The sebaceous glands are branching tubes ending in follicles or sacs and opening into the hair follicles, lined by a very vascular fibrous network representing the dermis, and an internal layer of cells representing the mucous layer of the cuticle. The oily secretion gives gloss to the hair and prevents its becoming dry and brittle, and keeps the skin soft and supple, protecting it at once against undue exhalation of water and undue absorption when immersed in that medium. Besides those connected with the hair follicles there are numerous, isolated, sebaceous glands, opening directly on the surface of the skin, producing a somewhat thicker and more odorous secretion. They are found in large numbers in the folds of the skin, where chafing would be liable if the surface were dry, as on the sheath, scrotum, mammary glands, and inner side of the thigh, around the anus and vulva, in the hollow of the heel, beneath the fine horn of the frog, on the inner side of the elbow, on the lips, nostrils, and eyelids. When closed by dried secretion or otherwise these glands may become distended so as to form various-sized swellings on the skin, and when inflamed they may throw out offensive, liquid discharges, as in "grease," or produce red, tender fungous growths ("grapes.")
The sweat glands of the horse, like those of man, are composed of simple tubes, which extend down through the cuticle and dermis in a spiral manner, and are coiled into balls in the deeper layer of the true skin. In addition to their importance in throwing offensive waste products out of the system, these glands tend to cool the skin and the entire economy of the animal through the evaporation of their watery secretion. Their activity is therefore a matter of no small moment, as besides regulating the animal heat and excreting impurities, they influence largely the internal organs through the intimate sympathy maintained between them and the skin.
Diseases of the skin may be conveniently divided, according to their most marked features, into--
(1) Those in which congestion and inflammation are the most marked features, varying according to the grade or form into (a) congestion with simple redness, dryness, and heat, but no eruption (erythema); (b) inflammation with red-pointed elevations, but no blisters (papules); (c) inflammation with fine, conical elevations, each surmounted by a minute blister (vesicle); (d) inflammation with a similar eruption but with larger blisters, like half a pea and upwards (bullæ); (e) inflammation with a similar eruption, but with a small sac of white, creamy pus on the summit of each elevation (pustules); (f) the formation of pustules implicating the superficial layer of the true skin, a small portion of which dies and is thrown off as a slough, or "core" (boils); (g) the formation of round, nodular, transient swellings in the true skin (tubercles); and (h) the excessive production of scales, or dandruff (scaly or squamous affections).
(2) Diseases in which there are only deranged sensations of itching, heat, tenderness, etc. (neurosis).
(3) Diseased growths, such as warts, callosities, horny growths, cancer, etc.
(4) Diseases from parasites, animal and vegetable.
(5) Diseases connected with a specific poison, such as horsepox, erysipelas, anthrax, farcy, or cutaneous glanders, etc.
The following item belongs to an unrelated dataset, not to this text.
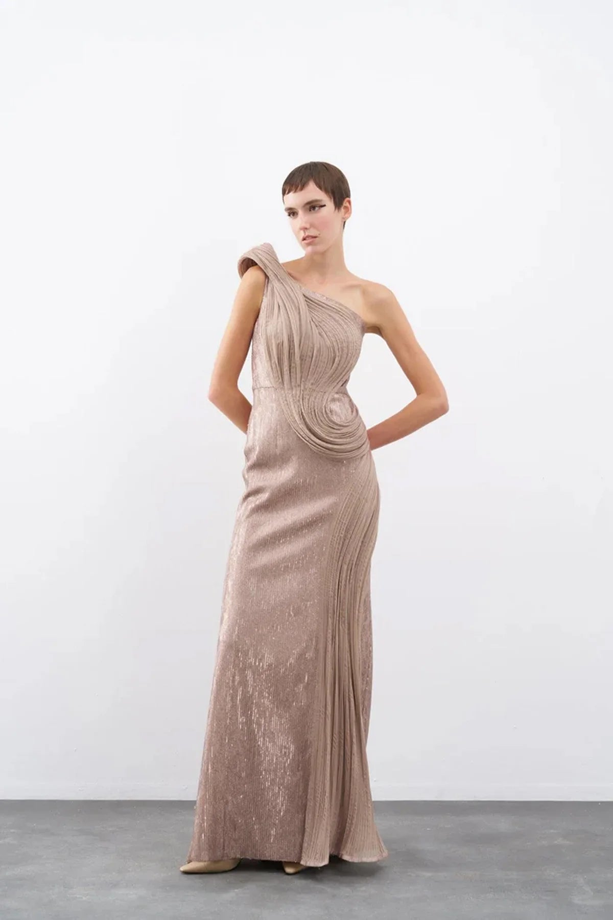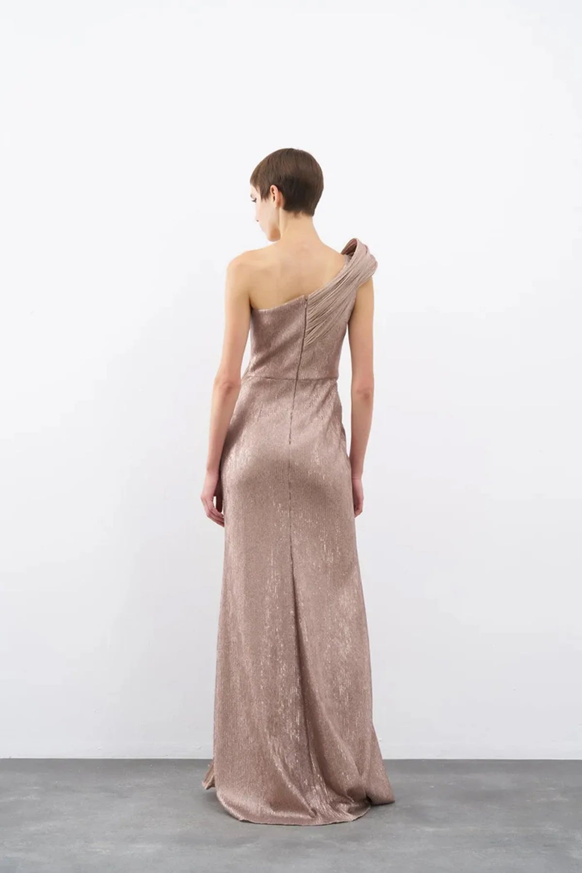pilise detaylı, payetli, sırt dekolteli, arkası gizli fermuar kapamalı.

(6) Physical injuries, like wounds, burns, scalds, etc.
CONGESTION (RED EFFLORESCENCE, OR ERYTHEMA).
This is a congested or slightly inflamed condition of the skin, unattended with any eruption. The part is slightly swollen, hot, tender, or itchy, and dry, and if the skin is white there is redness. The redness is effaced by pressure, but reappears instantly when it is removed. Except in transient cases the hairs are liable to be shed. It may be looked on as the first stage of inflammation, and therefore when it becomes aggravated it may merge in part or in whole into a papular, vesicular, or pustular eruption.